Photographer / Jessica Whitehead
After years of working as a midwife and earning her nurse practitioner’s license, Jana Schenkel, N.P., made many connections in the healthcare industry. One thing was clear.
“Several of us wanted to have a clinic that allowed those with no insurance or those who didn’t want to use their insurance an alternative or holistic healthcare practice, versus following their insurance plan,” Schenkel said.
Caring Hands Clinic opened in April 2024 and offers a variety of services in addition to primary care.
“In every way, we are a medical care office, but we also do massage, medical foot care, and we connect with other offices for alternative practices,” Schenkel said. “We do it all.”
Walk through the door and a number of services are at your fingertips — perhaps some that might come as a surprise.
“Our medical foot care is something some might not know we offer. You think pedicure, but this is more about getting the nails cut properly, working with ingrown nails, fungal issues and more,” Schenkel said. “We also do restorative medicine with infertility. We try to heal the body first and the pregnancy will follow.”
In addition, Caring Hands Clinic offers DOT physicals, youth athlete physicals, mental health services and obstetrics through Schenkel’s Happy Stork midwifery business.
It’s something more people are seeking: instead of treating one symptom, they want providers to look at the whole body and aim for long-term healing.
As a clinic not dictated by insurance companies, Schenkel said, the options are endless.

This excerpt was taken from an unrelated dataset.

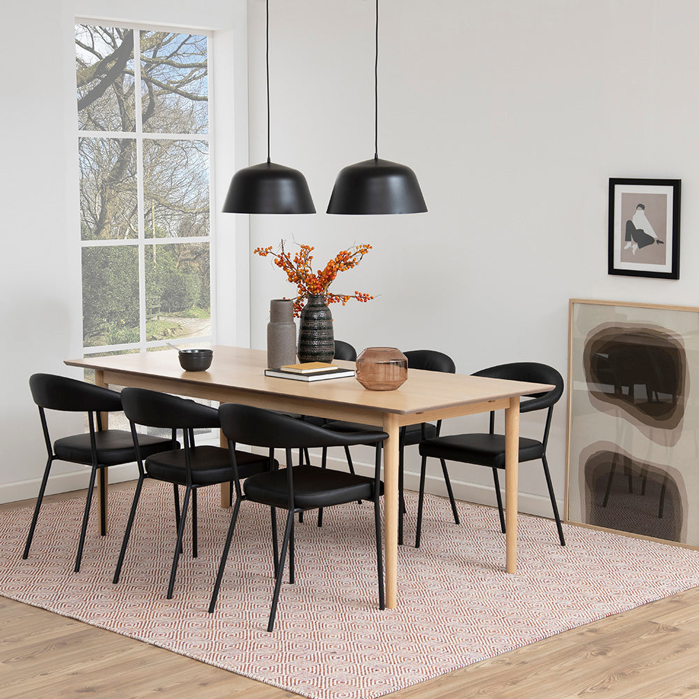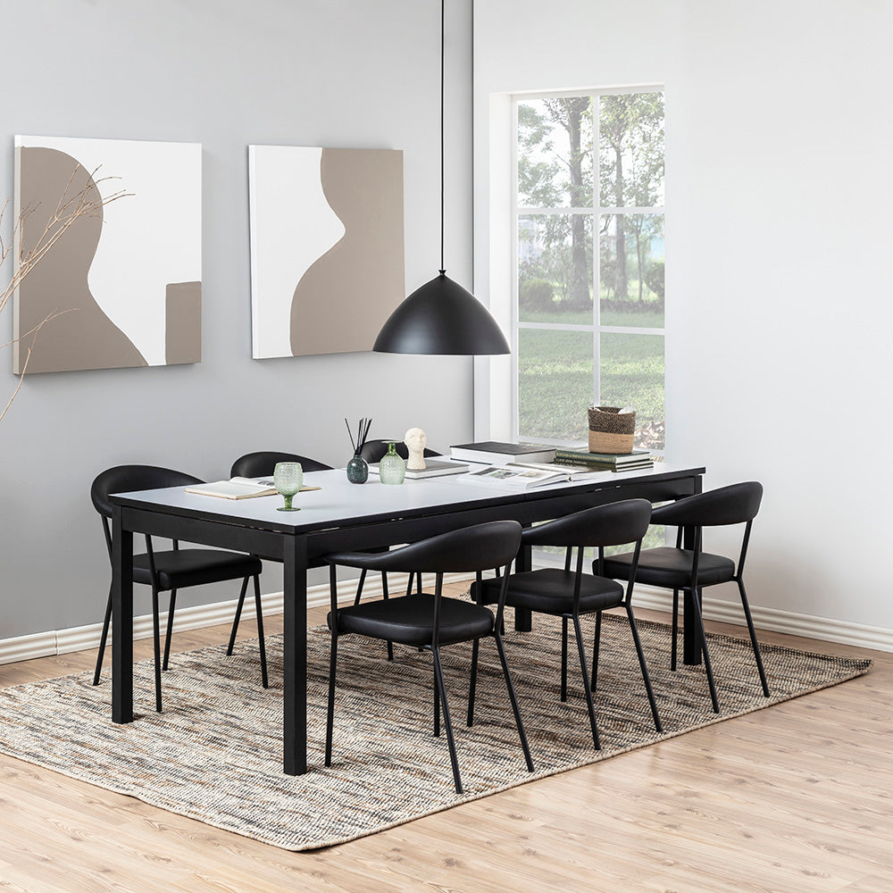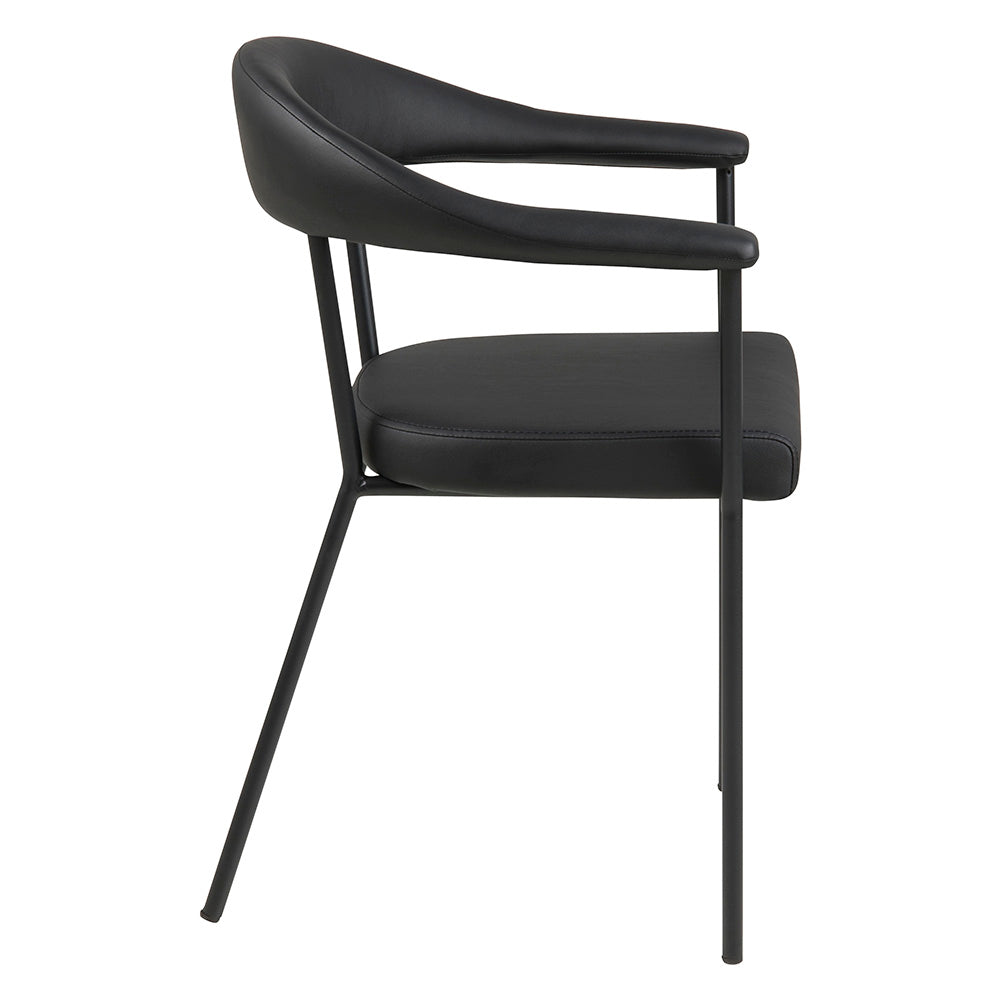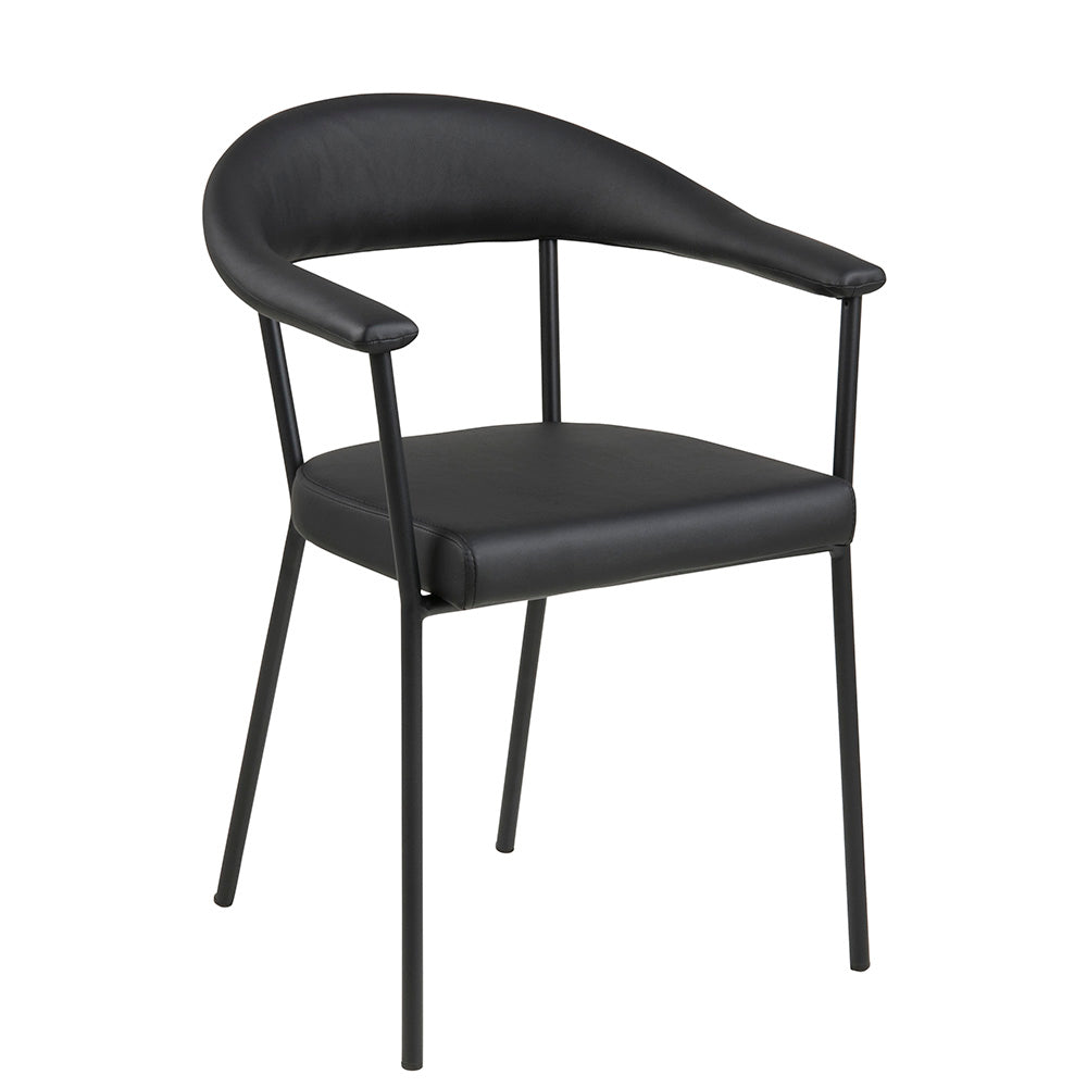 Featuring contemporary elegance, the LAVA dining chair adds a lightweight touch to your dining room. Inspired by minimalism, its sophisticated seat with armrests is upholstered in black faux leather fabric, resting in a slim black metal frame like a jewel. The slightly curved backrest ensures a comfortable experience.

Too often, she added, people avoid the doctor for fear of being admonished for declining a specific vaccine or medication.
Perhaps the individual’s belief system supports alternative healthcare, or they’re simply uncomfortable with certain practices.
That doesn’t mean the clinic staff are opposed to conventional medicine — just that they don’t require everyone to follow the same regiment.
“Patients want to be responsible for their own autonomy. I think it’s a form of medical harassment to say if you don’t do A, B and C, we won’t take care of you. You have the right to make the choice,” Schenkel said. “My job is to provide the opportunities, and it’s your right to say what you want and don’t want without feeling like you’re getting in trouble. Some people are so used to it, they don’t want to go to the doctor anymore.”
Even more unique — the staff at Caring Hands Clinic will come to you.
“If someone doesn’t want to come to the office, or if you have six children and two are sick, we’ll come to your house. I think it brings things back to the way family medicine was done a long time ago,” Schenkel said. “For us, it’s a natural extension of what we do, but it surprises people that we’ll come to you for all of our services.”
The clinic continues to grow.
This summer, they’ll begin offering CT scans and MRIs in the office — at significantly lower costs than what’s typical with insurance.
“A lot of times, when a provider recommends an MRI, insurance requires you to first do an X-ray, then a CAT scan and then, maybe, we’ll do the MRI. There’s no reason to go through so many other services to get to the end result,” Schenkel said. “You might think an MRI costs several thousand dollars, but without insurance, we can offer it for a few hundred dollars. We don’t have the overhead, and it’s just the pure cost of the MRI itself. It provides faster and more efficient results.”
The clinic’s team of professionals, all with like-minded healthcare goals, bring their own specialties. One might concentrate on men’s health and emergency medicine, another on pediatrics and family practice, and yet another on elderly care or hard-to-find specialties.
It’s a dream come true for Schenkel.
“God truly put me in the position of doing this. It was not done out of my own ability. I don’t know how everything keeps coming together, but I know it is by God’s own will and grace, and it was through Him this has become a reality,” Schenkel said.